For this listing, reproduce the line with "Поскольку в большинстве", the line with "New Rock sztyblety", and the lines between, exactly as they stand. Leave out pictures and all other lines.

(Beginning of Data shown)

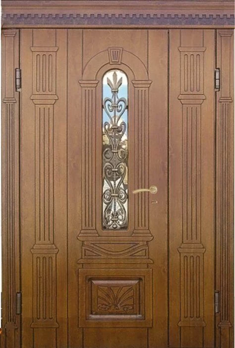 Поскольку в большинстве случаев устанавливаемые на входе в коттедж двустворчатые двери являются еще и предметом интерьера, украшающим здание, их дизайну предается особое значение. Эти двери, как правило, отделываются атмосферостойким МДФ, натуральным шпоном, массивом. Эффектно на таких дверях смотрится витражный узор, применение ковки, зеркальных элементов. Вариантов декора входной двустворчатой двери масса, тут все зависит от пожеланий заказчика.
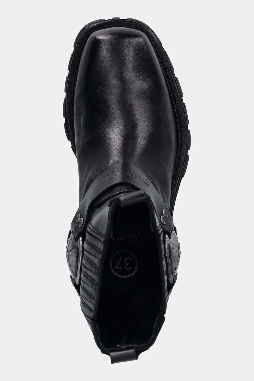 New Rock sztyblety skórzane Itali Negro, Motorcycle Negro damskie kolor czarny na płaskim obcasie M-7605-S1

(End of Data shown)
(Beginning of Data shown)

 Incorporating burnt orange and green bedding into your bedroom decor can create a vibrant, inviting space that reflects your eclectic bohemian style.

(End of Data shown)

■ Exercise solution
 Поскольку в большинстве случаев устанавливаемые на входе в коттедж двустворчатые двери являются еще и предметом интерьера, украшающим здание, их дизайну предается особое значение. Эти двери, как правило, отделываются атмосферостойким МДФ, натуральным шпоном, массивом. Эффектно на таких дверях смотрится витражный узор, применение ковки, зеркальных элементов. Вариантов декора входной двустворчатой двери масса, тут все зависит от пожеланий заказчика.
 New Rock sztyblety skórzane Itali Negro, Motorcycle Negro damskie kolor czarny na płaskim obcasie M-7605-S1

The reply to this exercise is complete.